With considerations such as these in mind, we begin to see how leveraging key data in highly relevant contexts can enhance the employee experience. One consideration that may deter such an approach is the level of effort to incorporate this data into the experience. Fortunately, the trend has been towards increased interoperability, with many cloud vendors offering web services and programmatic interfaces that are geared toward enabling precisely the type of seamless integration that is needed to support a digitally-enhanced employee experience.

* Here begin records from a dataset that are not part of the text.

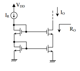 四、如下圖所示為一以 MOSFET 所組成的疊接電流鏡(cascode current mirror),四個 電晶體的特性完全相同。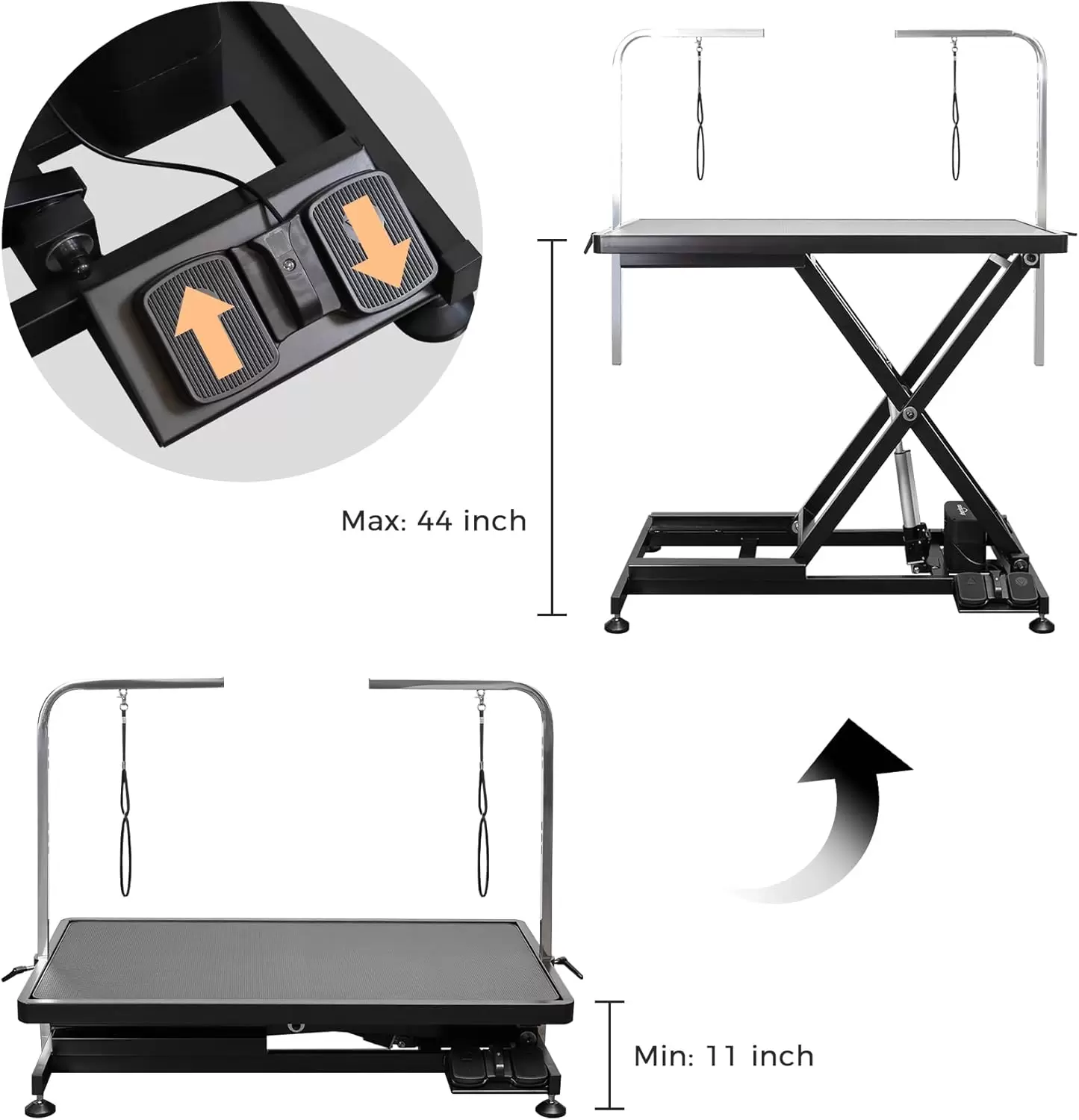 Diseño eléctrico X-Lift mejorado: cuenta con un marco de acero resistente, puede soportar mascotas de hasta 165 libras. El color negro del producto es más texturizado. El elevador eléctrico puede hacer que la altura se ajuste de 10 a 43 pulgadas en segundos para satisfacer tus necesidades.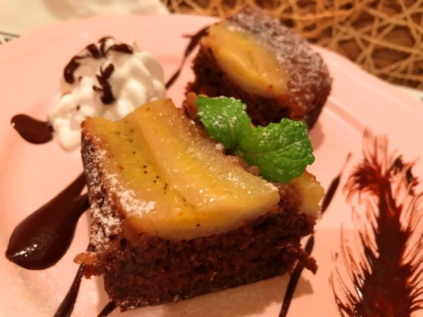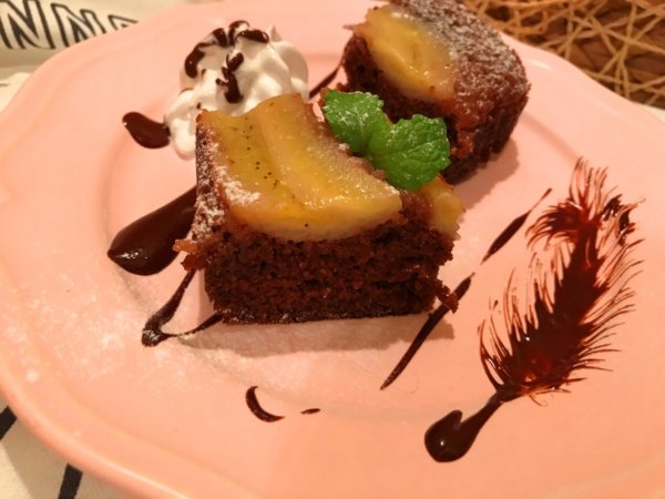 Mandulás-kakaós fordított banán süti Párizsi krémmel és tejszínhabbal gluténmentes recept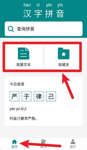 2、在首页可点击“自建文本”或“收藏夹”按钮,自主编辑内容或快速查找已收藏学习资料。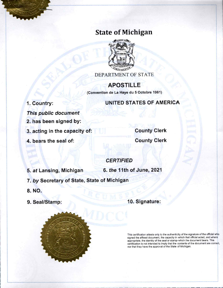 - US Apostille issuance on notarized documents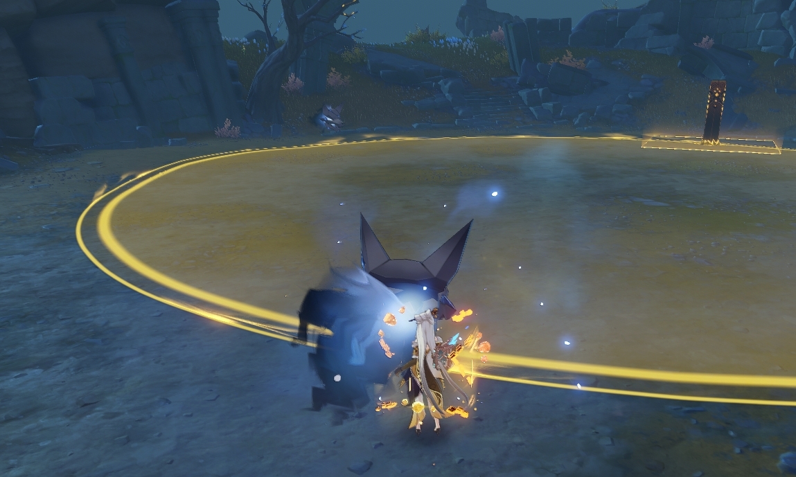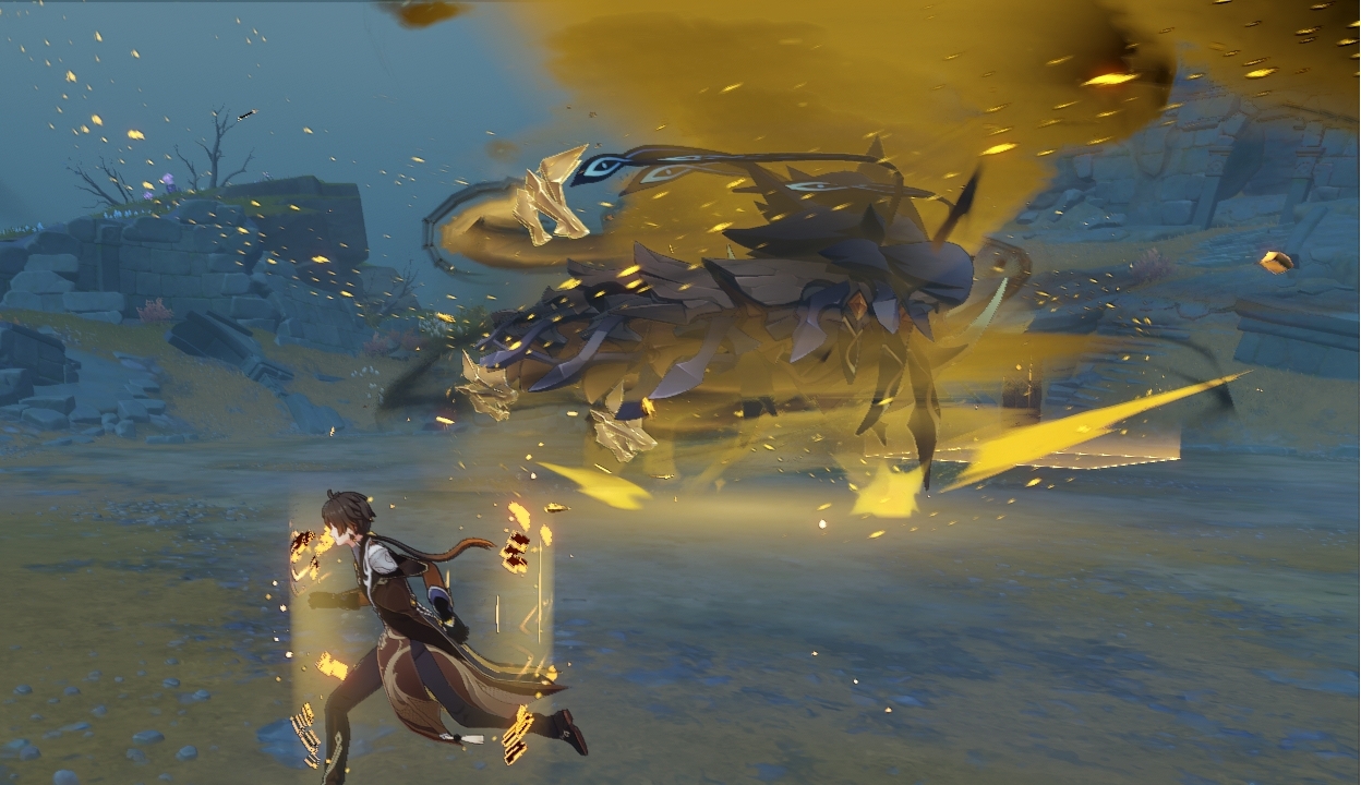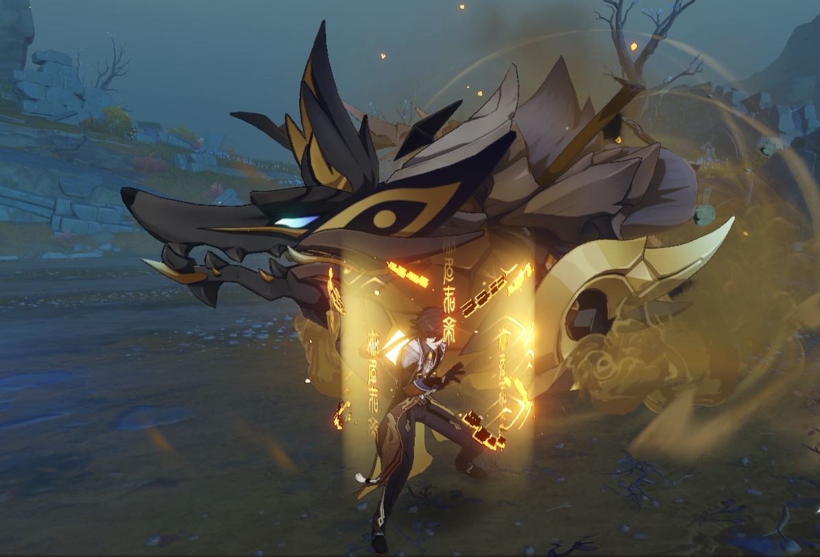 破盾是打败王兽的要点,但破盾并不需要远程攻击王兽本体,只需用岩元素击打其生成的“狗头”即可,而且近战攻击完全可以应付。值得注意的是,破盾过程中王兽会降下大范围AOE攻击,但只要躲在“狗头”之后就可安然无恙。击破三只“狗头”,王兽破盾并再度落地,且瘫软的时间更长,相信此刻玩家定能一举得胜。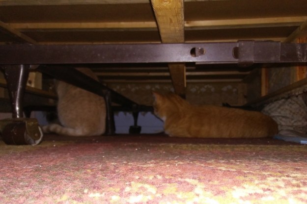 When we got to Felice and Jeff’s house they had a bedroom set up for us with two litter boxes. We put the cats inside and that is where they stayed. Everbody hid under the bed at first, even Chris, who was way more stressed than I expected him to be.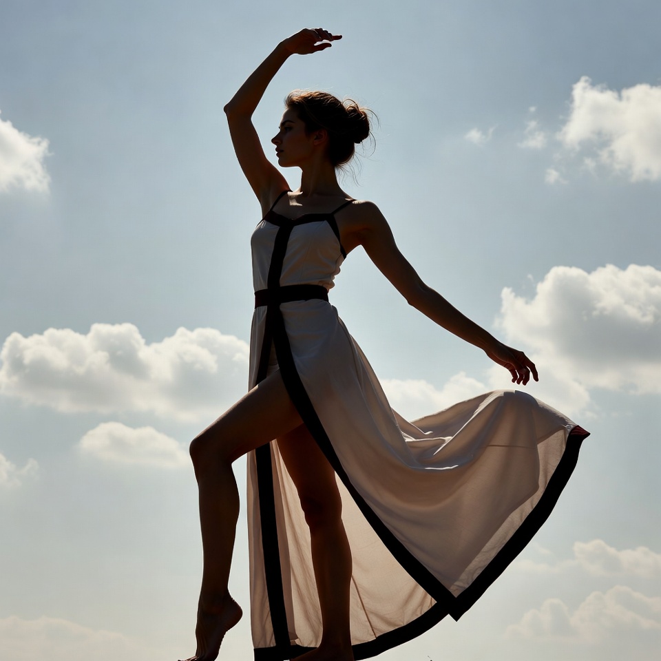 A woman dances gracefully under a bright sky with clouds. She wears a long dress and poses with one arm raised. The sunlight creates a silhouette.
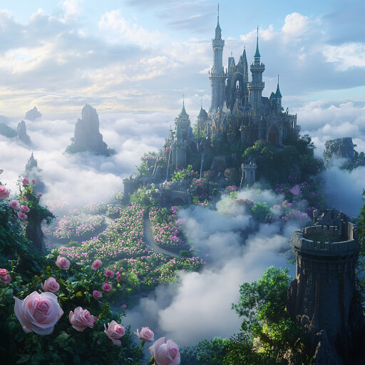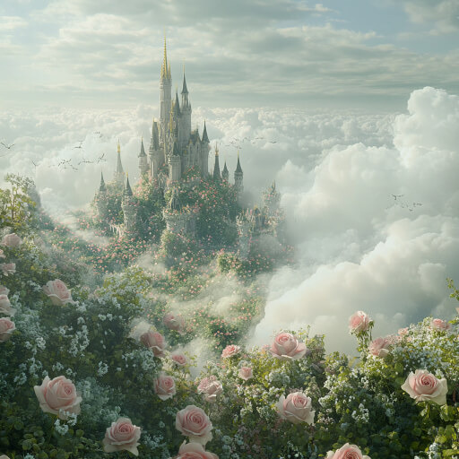 하늘 위, 무지개빛이 가득한 구름 사이로 반짝이는 크리스털 성이 떠오릅니다. 은은한 햇살이 퍼지는 몽환적인 배경 속, 분홍빛 장미 구름과 은빛 정원이 조화를 이루며 동화 속 장면처럼 펼쳐집니다. 한편, 연두빛 구름 위에는 웅장한 디즈니 성이 자리하고 있고, 구름에서 폭포가 흘러내리며 장미의 바다가 끝없이 이어집니다.

A thoughtful examination of what data from across the ecosystem to mobilize is key to the design process.  Moreover, while incorporating raw data shows promise for the near term, as we look ahead we can imagine intelligent systems that leverage machine learning and AI to reason about data, predict intent, and drive recommendation engines, thus driving hyper-personalization and enabling more relevant contextualization of the experience.

 

The opportunity for organizations

The value proposition for businesses is the prospect of building a powerful and competitive digital ecosystem in which a reliable, standard employee profile connects people to others, to knowledge, and to opportunities both inside and outside the organization. New connectivity enables a more adaptable workforce that self-organizes through convergence of employees with common purpose and interests. These flatter, networked, less rigid organizations can innovate and ideate at scale and quickly. Knowledge-sharing behaviors proliferate beyond the trap-store-disseminate models of the past.

Profiles allow people to find and be found throughout the organization, empowering them to collaborate and share interests, expertise, and lessons learned. Organizations can invite this participation with rewards that incentivize aligned behaviors and recognize top contributors for sharing their passions and stories, benefitting individuals and the business at large.

What’s in it for people

A robust profile allows employees to brand themselves, advertise their expertise and accomplishments, and engage with others across the globe who are like-minded or share interests. Personal development can be self-directed and tailored to an individual’s aspirations and goals. Experiential opportunities build leadership and create exposure through channels and affiliations previously unavailable or difficult to find. More avenues for participation create an environment differentiated by broad exposure to career and mobility opportunities, where talent is challenged, engaged, and fulfilled.

A universal employee profile – one designed as a digital utility in an employee experience — is a win-win for the organization and for people. Far-reaching benefits and capabilities are at stake, and it’s time to get this right.

Enabling purposeful confluences of employer/employee brand

A universal employee profile – one designed as a digital utility in an employee experience — is a win-win for the organization and for people. Far-reaching benefits and capabilities are at stake, and it’s time to get this right.

Employees respond intuitively to experiences that are hyper-personalized and individually meaningful in context across large business ecosystems. When these experiences are realized, businesses deliver cultural and brand alignment and execute digital business strategies, while the digital utility itself becomes a place where each employee’s personal and unique brand can flourish alongside (and inside) the organization’s. As employers strive to deliver rich, modern digital experiences that are expected by people and anticipated by consumer trends, the employee profile as a digital utility paves the way for cohesive individualized journeys and enables a purposeful confluence of employee-employer brand – a win-win for organizations and people.